Provided material section start

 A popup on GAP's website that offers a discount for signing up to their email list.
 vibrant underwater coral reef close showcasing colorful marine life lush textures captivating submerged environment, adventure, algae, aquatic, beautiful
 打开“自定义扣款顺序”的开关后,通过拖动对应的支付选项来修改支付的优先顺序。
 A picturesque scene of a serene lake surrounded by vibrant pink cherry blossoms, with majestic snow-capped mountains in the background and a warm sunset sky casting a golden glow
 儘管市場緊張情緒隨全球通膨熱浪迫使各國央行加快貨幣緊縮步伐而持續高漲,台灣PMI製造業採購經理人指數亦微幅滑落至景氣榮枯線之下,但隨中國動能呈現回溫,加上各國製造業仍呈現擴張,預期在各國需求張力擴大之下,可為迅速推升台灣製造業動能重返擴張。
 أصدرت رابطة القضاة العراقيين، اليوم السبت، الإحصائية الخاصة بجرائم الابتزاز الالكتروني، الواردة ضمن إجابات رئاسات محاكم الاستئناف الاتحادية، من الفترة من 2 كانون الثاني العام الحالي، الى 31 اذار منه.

Provided material section end
Provided material section start

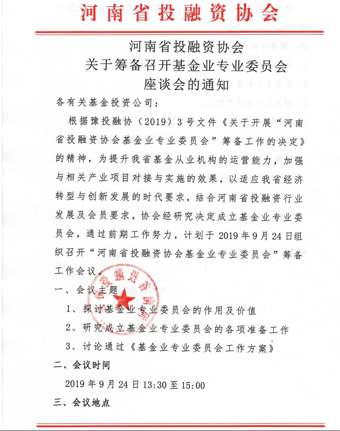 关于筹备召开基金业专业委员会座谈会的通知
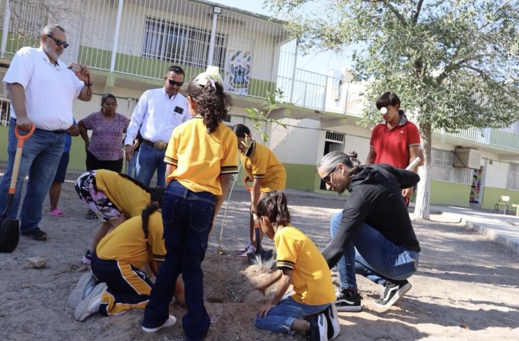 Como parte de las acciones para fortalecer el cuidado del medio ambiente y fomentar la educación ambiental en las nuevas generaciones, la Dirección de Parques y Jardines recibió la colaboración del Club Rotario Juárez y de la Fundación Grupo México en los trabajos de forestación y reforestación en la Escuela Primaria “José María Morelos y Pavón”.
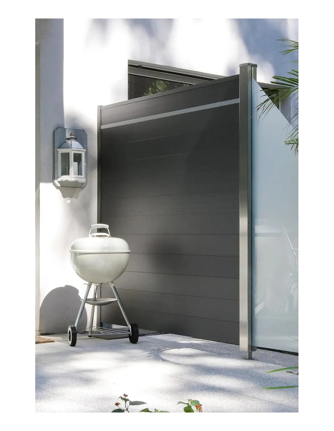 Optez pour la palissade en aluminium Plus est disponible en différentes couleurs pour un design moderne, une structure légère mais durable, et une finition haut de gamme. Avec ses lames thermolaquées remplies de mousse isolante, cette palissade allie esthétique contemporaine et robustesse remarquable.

Provided material section end

- _Your assignment_: Restate word for word only the lines above from the line containing "A picturesque scene" to the line containing "儘管市場緊張情緒隨全球通膨熱", both of them included.

- _The completed task_:
 A picturesque scene of a serene lake surrounded by vibrant pink cherry blossoms, with majestic snow-capped mountains in the background and a warm sunset sky casting a golden glow
 儘管市場緊張情緒隨全球通膨熱浪迫使各國央行加快貨幣緊縮步伐而持續高漲,台灣PMI製造業採購經理人指數亦微幅滑落至景氣榮枯線之下,但隨中國動能呈現回溫,加上各國製造業仍呈現擴張,預期在各國需求張力擴大之下,可為迅速推升台灣製造業動能重返擴張。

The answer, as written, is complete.